I was just having a go at this question, and I suppose I have two sub-questions:
1. Does my approach look correct?
2. If my approach is correct, is there a better approach than what I have done?

Original question: Suppose we are flipping a fair coin. What is the probability that we observe a run of 5 consecutive heads before seeing a run of 2 consecutive tails.

My approach:
Let ##p_k## be the probability of seeing 5 consecutive heads, given that we have seen ##k## consecutive heads so far. ##k = -1## means we have seen a tail and ##k = -2 ## means that we have seen two consecutive tails.
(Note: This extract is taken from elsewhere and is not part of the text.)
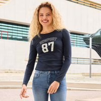 Dieses Damen-Langarmshirt von Laura Torelli Fashion begeistert durch seinen modischen Frontprint und bietet einen klassischen Look. Der Print verleiht dem Shirt das gewisse Etwas, während das Material mit Baumwolle und Elasthan für hohen Tragekomfort sorgt. Ein vielseitig einsetzbares Lieblingsstück für Ihre Garderobe. Modisches Design mit Frontprint Elastisches Material für bequemen Sitz

Then I basically just set up a system of equations which basically take the form of: ##p{k} = P(\text{get a head}) p_{k + 1} + P(\text{get a tail}) p_{0} ##

[tex] p_{-2} = 0 [/tex]
[tex] p_{-1} = \frac{1}{2} p_{-2} + \frac{1}{2} p_{0} = \frac{1}{2} p_{0} [/tex]

[tex] p_{5} = 1 [/tex]
[tex] p_{4} = \frac{1}{2} p_{5} + \frac{1}{2} p_{0} = \frac{1}{2} + \frac{1}{2} p_0 [/tex]
[tex] p_{3} = \frac{1}{2} p_{4} + \frac{1}{2} p_{0} = \frac{1}{2} p_{0} + \frac{1}{2} \left( \frac{1}{2} + \frac{1}{2} p_0 \right) = \frac{1}{4} + \frac{3}{4} p_{0} [/tex]
[tex] p_{2} = \frac{1}{2} p_{3} + \frac{1}{2} p_{0} = \frac{1}{2} p_{0} + \frac{1}{2} \left( \frac{1}{4} + \frac{3}{4} p_0 \right) = \frac{1}{8} + \frac{7}{8} p_{0} [/tex]
[tex] p_{1} = \frac{1}{2} p_{2} + \frac{1}{2} p_{0} = \frac{1}{2} p_{0} + \frac{1}{2} \left( \frac{1}{8} + \frac{7}{8} p_0 \right) = \frac{1}{16} + \frac{15}{16} p_{0} [/tex]
[tex] p_{0} = \frac{1}{2} p_{-1} + \frac{1}{2} p_{1} = \frac{1}{2} \cdot \frac{1}{2} p_{0} + \frac{1}{2} p_{1} \rightarrow p_{0} = \frac{2}{3} p_{1} [/tex]
which leads to:
[tex] p_{0} = \frac{2}{3} \left( \frac{1}{16} + \frac{15}{16} p_{0} \right) \rightarrow p_{0} = \frac{1}{9} [/tex]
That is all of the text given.